We are told that the “Impact Albouystown Project’ reintroduced by the current police administration has led to spinoff initiatives in several other communities namely Angoy’s Avenue; Beterverwagting; Triumph; and Agricola. Notably the inescapable point which is obvious to even the least discerning is the fact that the architects are ignoring certain areas when it comes to the establishment of similar community safety projects. Among the disadvantaged communities which are no strangers to crime are Enmore, Success and Lusignan on the East Coast of Demerara, while on the west side, are places like Parfaite Harmonie and Tuschen.
It is all too easy to claim success when the original intent, objective(s) and measures for success are not widely known to the general public. And therefore there is a temptation to claim success whenever there is any indication that points to an unusual but not unpleasant occurrence in the general scheme of things. It is now time to have an evaluation of the Albouystown Project and other similar ventures in a report to stakeholders to determine if the stated objectives have been met; the achievement of intended outcomes; and the experiences with respect to unintended benefits and/or consequences. Agreeing on a clear purpose will help identify engagement objectives, anticipated outcomes and help to determine the scope and depth of the engagement.

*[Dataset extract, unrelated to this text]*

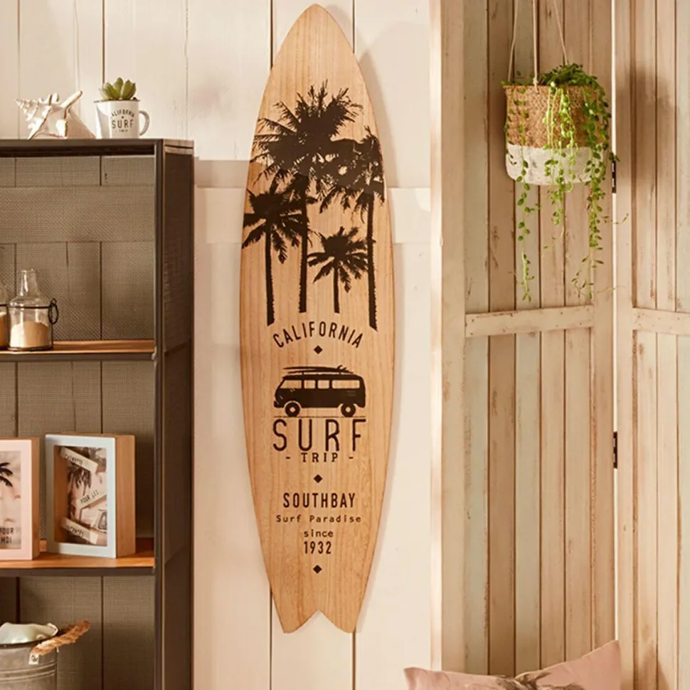 Dekoracja ścienna w kształcie deski surfingowej to absolutna perełka dla miłośników surfowania i tropikalnego klimatu. Jej wykonanie z płyty MDF w kolorze drewna dodaje wnętrzu naturalnego i przyjemnego akcentu, który od razu przenosi nas na plażę otoczoną palmami i falami.Niezwykły kształt deski surfingowej oraz czarne napisy i wzór palm nadają tej dekoracji stylowy i zrelaksowany charakter. To nie tylko zwykły element ozdobny, ale również wyrazisty wyraz naszej pasji i zamiłowania do surfowania.

It is widely accepted that a uniformed police presence on the streets and in other public places, although desirable, has long ceased to be the sole role of police officers and the local law enforcement and security situation has been bolstered by the expansion of private security patrols and the establishment of warden, neighbourhood and community policing schemes, all of which provide an additional visible and reassuring presence within communities. The thing is, are we reassured that these bodies are not being used for any other reason that for which they were set up ostensibly to do. In a nutshell, those auxiliaries are expected to contribute to the safety and security of their communities in co-operation with the police force in the areas of crime prevention and tackling anti-social and other forms of public nuisance and disorder.
However, it is important to note that community engagements, such as those which target problem-prone areas work best where it is an ongoing cumulative process enabling relationships and trust to build and strengthen over time. Taken into consideration would have been the capacity of different stakeholders and their ability to participate in specific community projects such as Albouystown. And therefore it would be an interesting lesson to be learned as to how the GPF was able to overcome certain barriers, including the process involved in engaging the vulnerable target groupings such as young people, older people, or socially excluded groups.
Reaching these various groups would not have been an easy undertaking, bearing in mind the level of community infrastructure, and whether the community was unified or divided racially, politically; was socially excluded from the mainstream, or felt marginalized and stigmatized by a certain perception. Mention was made earlier of the importance of evaluation and therefore it is critical that any engagement process be evaluated on an ongoing basis to provide valuable feedback on the best methods for engaging with specific groups in a particular area. Contributors would have the realistic expectation that audits would deliver information on the appropriate use of financial and other contributions.
One aspect of community engagement which seems to have been overlooked is the utilization of community mapping, which is similar to crime mapping. The significant difference is that maps and photographs of an area or specific location are used to illustrate how people view their area: what they like or dislike or improvements they would like to see. Group discussions can help residents to explore issues, build consensus or identify areas of conflict and solutions. Among the advantages are: it engages people of all levels of capability; builds a sense of community ownership and helps residents see, understand and appreciate their community in different ways.
Finally, the overriding consideration should be retaining and developing meaningful engagement with all stakeholders, since it is important to remember that context may change, and challenges may arise concerning the purpose and continuing usefulness of the intervention by questioning its objectives, scope, or methodology.